When teaching children to read, what should be taught first? Phonics? Comprehension? The answer is neither. These skills should actually be taught alongside each other, not necessarily at the same exact time, but students should be getting instruction in both areas of literacy continuously. Likewise, in each category, skills do not have to be taught in a specific order to all students across the country. An order should exist, but the sequence at one school can vary from another school. Sequence refers to the order in which the skills should be taught.

In the recent past, it was thought that there should be a general order for the instruction of phonemic sounds that all students should follow. The National Reading Panel published a report that sequence mattered when it came to teaching phonics. After this report was published, Congress tried to impose a national literary sequence on all American schools. Their plan would only allow phonemic awareness instruction until kids could fully segment words. Then teachers could teach phonics. But fluency instruction could not happen until the word sounding was finished. Eventually, kids would begin receive comprehension instruction. However, Congress had a difficult time coming up with the exact sequence that should be taught. The reason why this may have been so hard for them is because the National Reading Panel stated that sequence matters when it comes to teaching phonics, but did not find that one sequence was better than another. Thus, as long as a sequence exists within a classroom or a school, it can vary from other schools and still be just as effective. For example, one teacher or school may find that teaching vowel sounds first works best for her students. But another might find that teaching sounds in alphabetical order is more effective.

Sequencing is important to consider when looking at time management because the order in which skills are taught has a direct effect on what lessons are taught and what needs to come before and after the lessons, to be sure that the skills are addressed appropriately. Individual teachers should develop a sequence for teaching skills that meets his or her individual goals and stick to that sequence throughout the year. But also, be flexible in case the sequential order is not working and needs to be rearranged.

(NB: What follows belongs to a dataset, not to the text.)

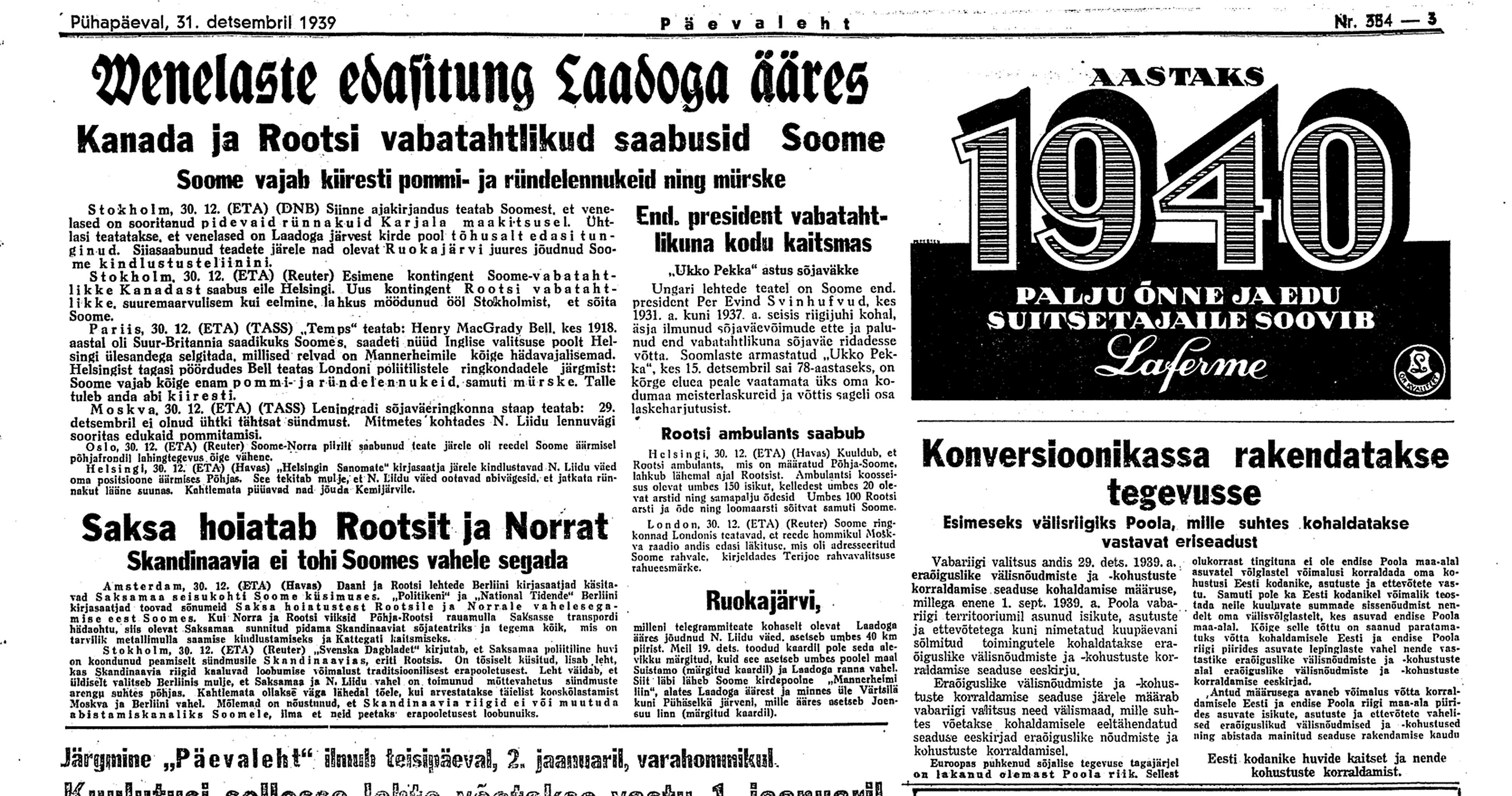 Karl Soonpää päevik 31. detsembril 1939. aastal

There are various ways that students can be grouped in a literacy classroom. In most classrooms, there are students of all different abilities grouped together. The teacher needs to find a way to meet the needs of all the learners and small groups are an effective way to do this. The teacher should use guided reading groups, which are small groups of students that are reading on similar reading levels that receive instruction from the teacher. The teacher meets with each group and the lessons are planned specifically for that group, using books that are appropriate for them.

Another way to group students is in literature circles. Literature circles are similar to guided reading groups because students are placed with peers that are reading on similar levels. However, instead of the teacher leading these groups, the students are responsible for making the group run smoothly.

Peer tutoring is another way to group students. A child of higher ability is placed with someone of a lower ability and helps him or her to understand concepts and skills. This is helpful for both the students because the lower student receives help and the higher student has to come up with ways to help, which helps him or her to grow both academically and socially.

A final method of grouping is cooperative learning. In this method, students may be grouped by level, interest, or another category. They may all be on the same level or may be from various levels. Regardless of the parameters for grouping, it is an effective method because the students come up with solutions together and work on cooperation as well.